Phenotype Phebruary Day 21- Prostate Cancer

Hi everyone,

It is Phenotype Phenbruary-Day 21 and it is time to talk about prostate cancer. Some of the materials I am presenting here are based on previous works from the PIONEER study-a-thon, the Oncology WG (specifically the work @mgurley is leading on deriving initial disease episode from discrete diagnosis and an amazing discussions and team work. A shout out to @dkosareva, @Ajit_Londhe and the Amgen team, @mmayer, @mgurley, @Adam_Black.

Clinical Definition
Prostate cancer is a cancer of the prostate gland, an organ of the male reproductive system located below the bladder and surrounding the urethra. It is the second most common malignancy in men and the fifth leading cause of death worldwide. Median age at diagnosis is approximately 67 years.

Clinical Presentation

  • Most prostate cancer patients are asymptomatic at the time of diagnosis and are diagnosed during screening.
  • Local growth of the tumor can lead to symptoms of urinary obstruction including urgency, hesitancy, nocturia, incomplete bladder emptying and decrease urinary stream. These symptoms, however, are nonspecific.
  • Some patients may also present with symptoms of metastasis such as bone pain and pathologic fracture.

Diagnosis

  • Screening for prostate cancer is the primary way to detect localized prostate cancer in asymptomatic individuals, the stage at which the disease is potentially curable. Screening methods primarily involve measurements of the blood serum biomarker prostate-specific antigen (PSA).
  • Digital rectal exam (DRE), PSA levels and MRI are standard diagnostic tools for detection of prostate cancer. PSA measurement is a better independent predictor of prostate cancer than DRE and complements prostate cancer detection efforts. However, both diagnostic procedures (DRE and PSA testing) can be abnormal without prostate cancer being present (false-positive) and can be normal despite the presence of prostate cancer (false-negative).
  • A prostate biopsy is used to assess the presence of prostate cancer if DRE and/or imaging results are suspicious or if the PSA value is confirmed to be elevated or rising without any other explanation.

Prognosis and survival:
The prognosis of the disease varies by tumor grade and stage at the time of primary diagnosis:

  1. 80% organ-confined disease with a 5-year overall survival (OS) between 60% and 99%
  2. 15% locoregional disease. 5-year OS is between 60% and 80%
  3. 5% late-stage disease with distant metastases. The OS is poor in this group: 5-year OS is 30-40%

The survival of patients with prostate cancer is related to several factors, including tumor extent, grade, patient’s age and general health and PSA level.

Treatment
Treatment decision is based on several factors, including tumor stage, histopathological and molecular features of the tumor, level of risk, anticipated life expectancy, overall health, and personal preference.
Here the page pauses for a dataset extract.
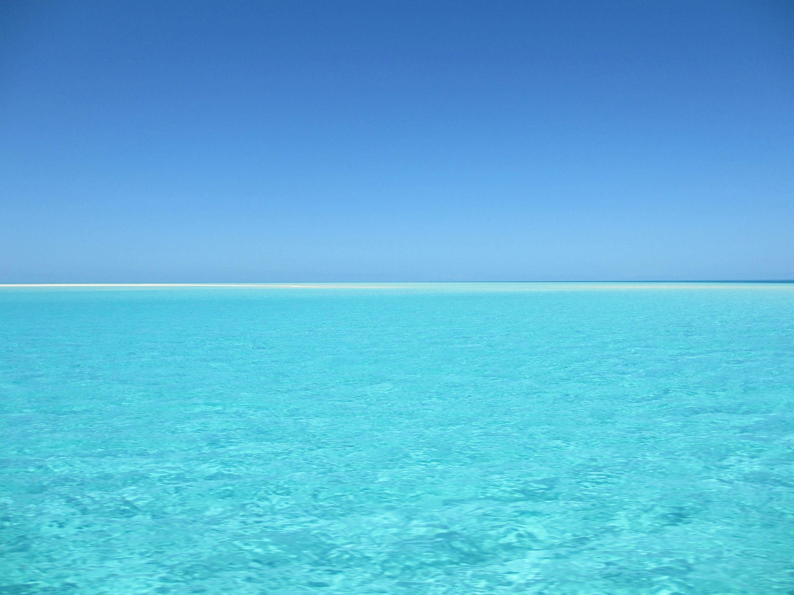 A Serene Blue Ocean With Crystal Clear Water Under A Vivid Blue Sky, Perfect For Relaxation.

Rebello et al provide a great overview of prostate cancer management.

Resources:

  1. Rebello, R.J., Oing, C., Knudsen, K.E. et al. Prostate cancer. Nat Rev Dis Primers 7, 9 (2021). https://doi.org/10.1038/s41572-020-00243-0
  2. PDQ Adult Treatment Editorial Board. Prostate Cancer Treatment (PDQÂź): Health Professional Version. 2022 Feb 2. In: PDQ Cancer Information Summaries [Internet]. Bethesda (MD): National Cancer Institute (US); 2002-. Available from: Prostate Cancer Treatment (PDQÂź) - PDQ Cancer Information Summaries - NCBI Bookshelf

Review of the published literature on prostate cancer definition: The table below provides a summary of the validated algorithms for identification of incident prostate cancer.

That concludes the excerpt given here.